Downloading the Future of TV Advertising
With a plink and a plunk and 86 moving parts, Honda reminds the ad world of the value of great content — and teaches it something about the power of interactivity.
By John Battelle, July 2003 Issue
In April 2003, Honda U.K. debuted an extraordinary two-minute television advertisement called “Cog.”Through the simple act of releasing a remarkable television commercial onto the Web, the U.K. wing of automobile giant Honda (HMC) has unleashed something of a typhoon in the advertising business.
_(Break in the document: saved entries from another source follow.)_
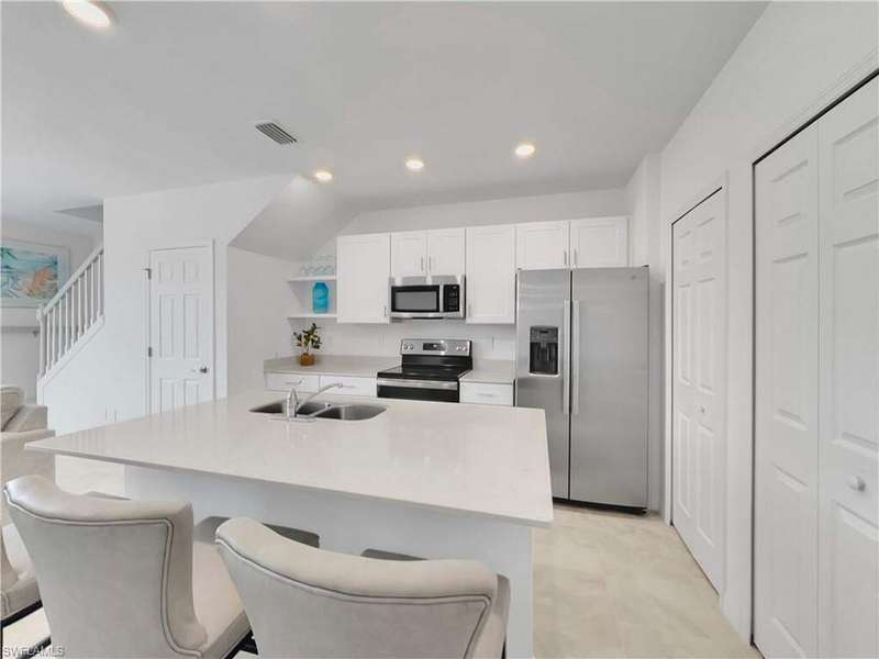 RARE BUYING OPPORTUNITY! BEAUTIFUL TOWNHOME W/GORGEOUS LAKE VIEW! Bennett floor plan by Lennar feat. 3 bedrooms, 2.5 bathrooms and 1-car attached garage. Located in the popular Townhome section of the highly sought-after Portico community in sunny Fort Myers, FL. One of the Best Units, w/lake view, western rear exposure and the shortest walk to the community amenities center and pool! Smart Home w/plenty of room on two floors. First floor with open living concept and tile flooring throughout. The heart of the home is the great room w/tall glass sliding doors that flood the space with natural light. The kitchen is a chef's dream, feat. a large island, quartz countertops, white cabinetry, stainless-steel appliances + walk-in pantry. Enjoy preparing meals while still being part of the action, perfect for both daily living and entertaining. Also located on the first floor are a powder bath and a large storage space under the stairs to the second floor. All bedrooms and other bathrooms are on the second floor. The owner's suite is a true retreat, offering stunning lake views through two windows, complete with a large walk-in closet and ensuite bathroom feat. dual vanities + large walk-in shower. Two additional bedrooms provide ample space for family and guests, while the second full bathroom on this floor ensures convenience and privacy for all. Furniture is negotiable. Move right in and enjoy your very own piece of Florida paradise! Surrounded by the natural beauty of SW Florida, PORTICO is an access-controlled community w/Low HOA fees. Amenities include clubhouse, community pool, gym, yoga/exercise room, tennis, pickleball, basketball, play area + more. Pets, Fences/Patio Enclosures & LSVs permitted! Great location, short drive to I-75, shopping, dining & more!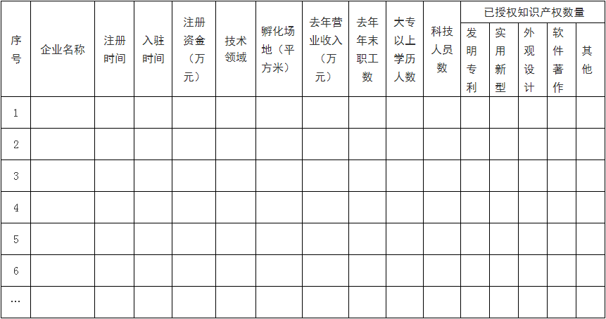 (六)在孵企業情況(在孵企業情況匯總表、在孵企業與孵化器簽署的孵化服務協議或入駐協議);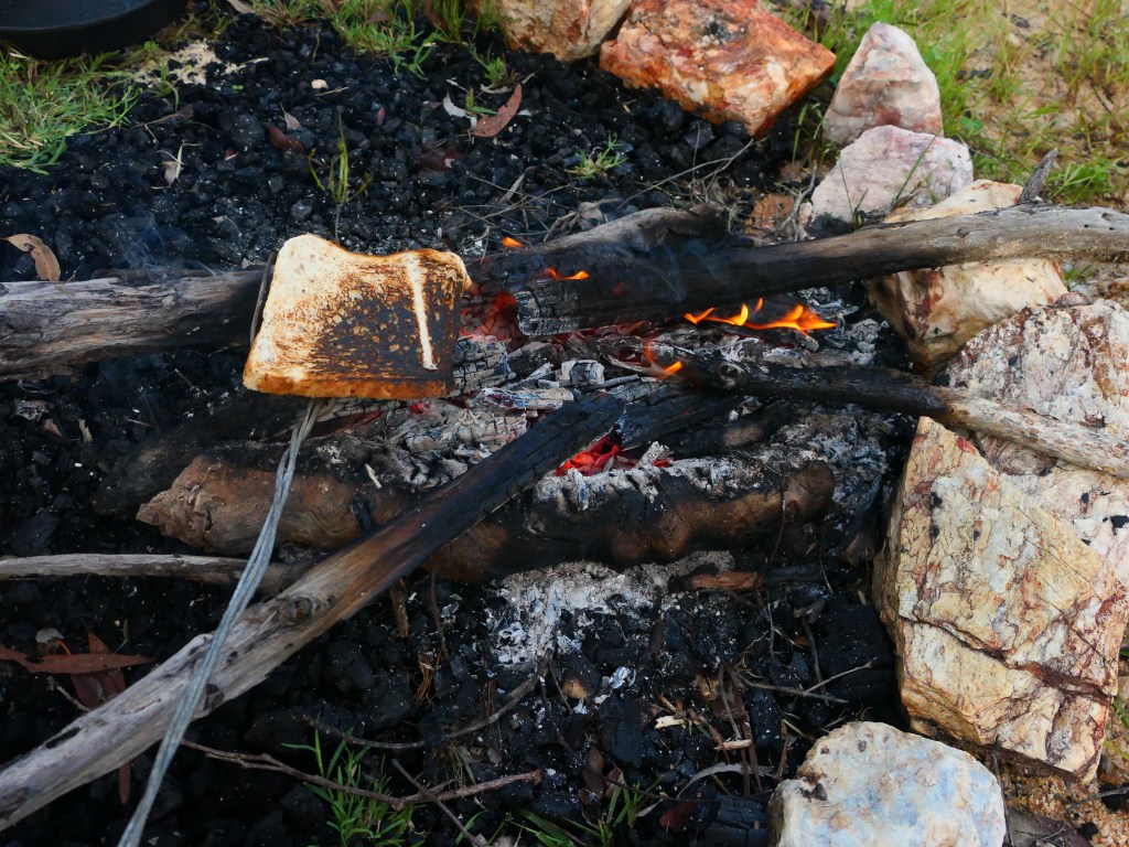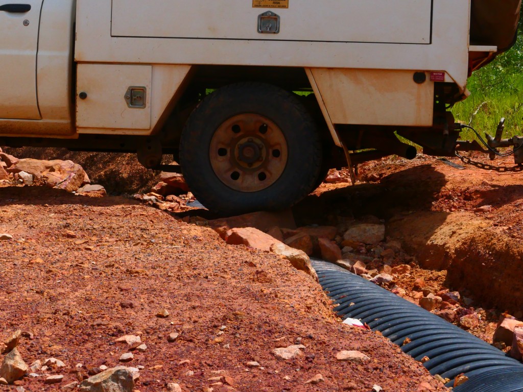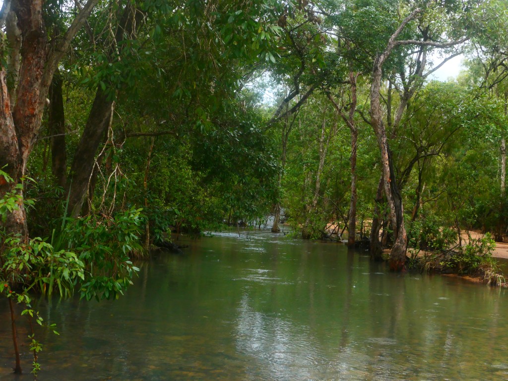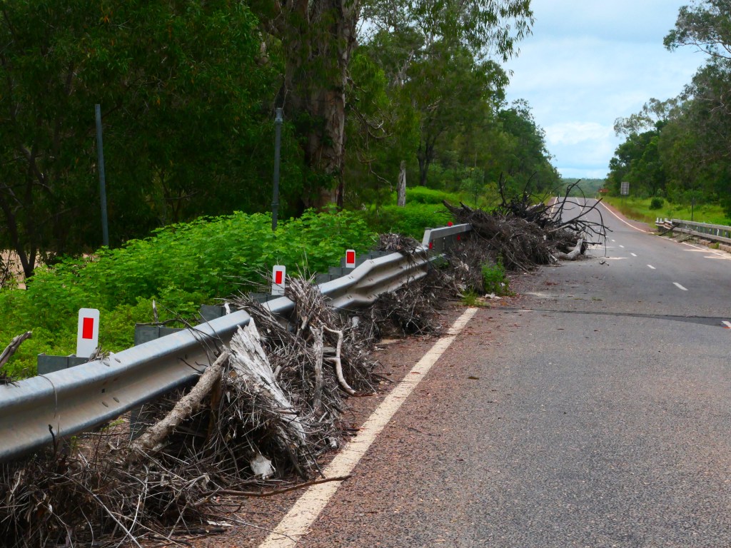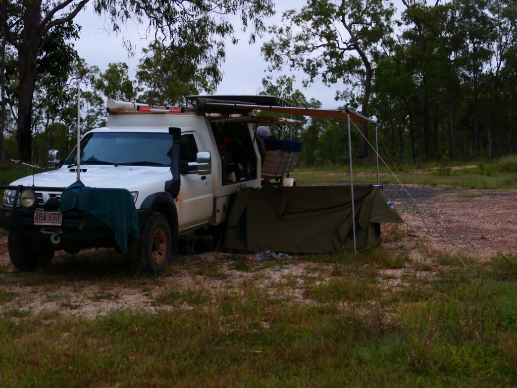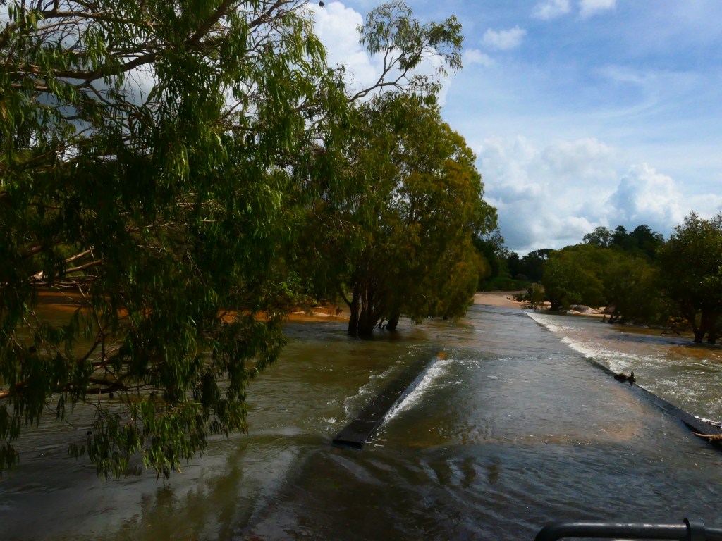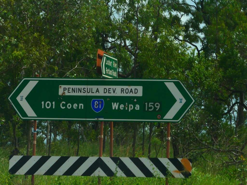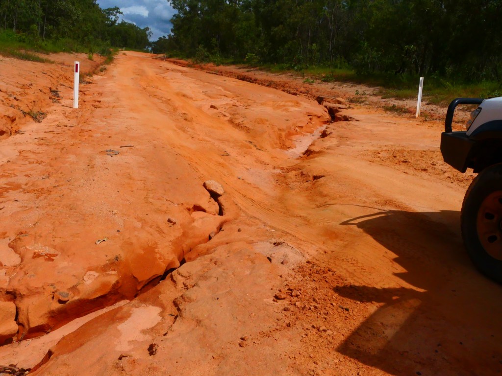 Yea – we made it, but it was quite hairy, wouldn’t like to have to repeat that experience. There was lotz of water crossings & major washouts in places but we just went along nice & steady. The Wenlock River was running quite fast but not as deep as the Pascoe & not as wide. Once we got to the Peninsula Development Rd (PRD) & crossed over the Archer River, the hardest part was over, but the road was washed out in many places & lotz more water crossings – but we just toddled along. It was quite lovely, gave us lotz of time to smell the roses along the way. We camped overnite ‘somewhere’ between Coen & Musgrove Station – it was a nice spot, 4 small ponds, gravel base & plenty of fire wood – our biggest problem being it started to rain & didn’t stop, hahah. Breakfast was awesome.

Though it has yet to fully play out, Honda’s ad proves the value of content and could stand as a turning point in the history of the television spot — proof that interactivity won’t kill television advertising, as many are now predicting, but may instead be instrumental in saving it.
Back in April, Honda U.K. debuted an extraordinary two-minute television advertisement called “Cog.” Aired only in the United Kingdom, the film — and that really is the best term for it — is a Rube Goldbergian ballet, a synchronized dance of 86 distinct parts from a Honda Accord that roll, pirouette, and fly along the floor in a mesmerizing production of meticulously intended consequence. The spot begins with a sequence of three cogs rolling along a plank; one falls to the floor, and a cam shaft rolls, setting an exhaust tube slowly spinning, which knocks three precisely placed grommets down the slope of a hood, and so on. (Download the ad for yourself at Honda UK.)